Ко мне подскочила Капочка.

— Пойдемте танцевать! — сказала она требовательно. — Я вас приглашаю.

Я растерялся. Обижать девчушку не хотелось, и я пошел с ней танцевать. Один круг мы промолчали. Я уже подумывал, о чем бы пошутить, но она заговорила сама:

— Помогаете Антонине на ферме?

— Да вот… производственная практика.

— Вы с Прасковьей не откровенничайте! — вдруг скороговоркой сказала Капочка.
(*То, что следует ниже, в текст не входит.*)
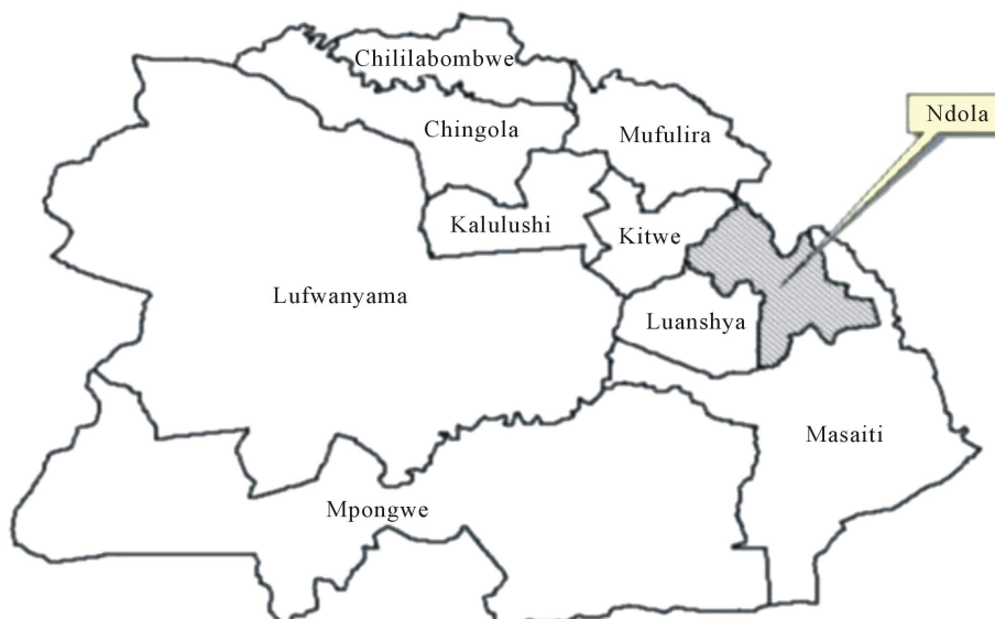
Figure 2. Map depicting Ndola district of Zambia.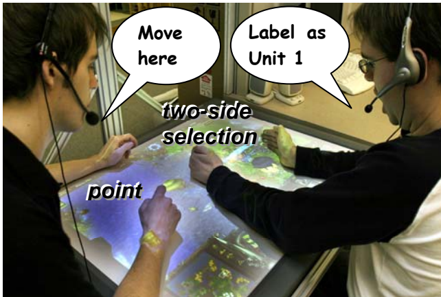
Figure 3. Two people interacting with Warcraft III.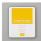
Crushed Curry Classic Stampin' Pad - 147087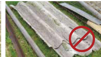
Asbestos and other hazardous waste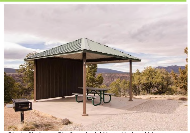
Picnic Shelter at Rio Grande del Norte National Monument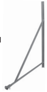
Outrigger Bracket 015-96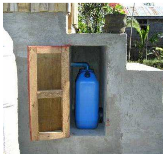
Fig. 9 Urine container, UDDT in barangay Villareal, 2007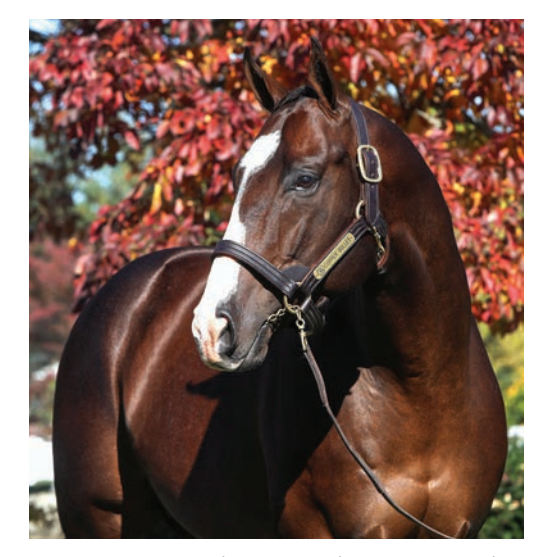
Copper Bullet previously stood in Kentucky and is new to the Texas stallion roster this year. The now 10-year-old son of More Than Ready ranked 10th in North America as a first-crop sire in 2023

"One of the things we were looking for was precocious speed but also versatility, and Creative Cause really encapsulates the versatility that Texas needs," said Clanin. "He can give you anything from a 2-year-old that can go 4½ furlongs to a graded stakes turf router. He ran in the Triple Crown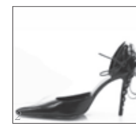
2. Stilettos cause foot pain as they return to the fashion front, partly due to HBO's "Sex and the City."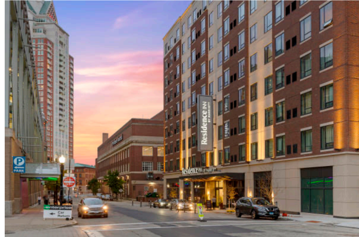
Residence Inn (Providence)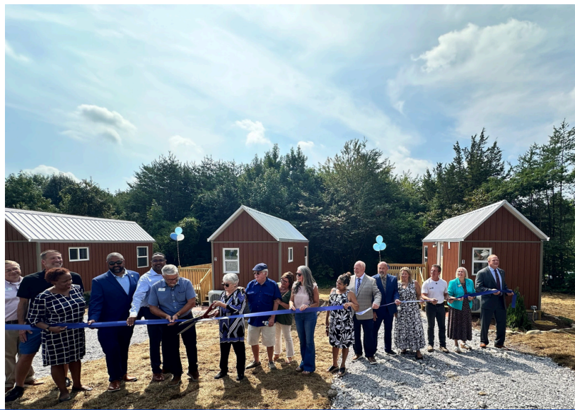
Angelic Ministries held a ribbon cutting for their new tiny home recovery housing units at Zion's Ranch.

— Она вредная — ей лишь бы насмеяться.

— Что-то я не понимаю тебя.

— Потом небось поймете. И ваш этот товарищ — он вам не пара: он нехороший.

— А я хороший? — попробовал я отшутиться, но Капочка шутки не приняла.

— Капочка зря не скажет, — важно заметила она о себе в третьем лице.

— Чем же плох мой приятель? И веселый, и красавица.

— Он-то? Мокрогубый.

Я чувствовал себя все глупее. К моему облегчению, меня «отхлопала» у Капочки другая девушка. Капочка делала мне знаки, верно, хотела поговорить еще, но мне неловко было секретничать с этой девчушкой. Беспокойство подмывало меня.

Я решил отправиться к Тониному дому.

Юрка, кстати сказать, с бревнышка ушел, обхаживал высокую красивую девушку.

Судя по всему, он решил поставить крест на Тоне. Что ж, его дело. Я потихоньку убрался с площадки и, покружив по деревне, отправился на тот край.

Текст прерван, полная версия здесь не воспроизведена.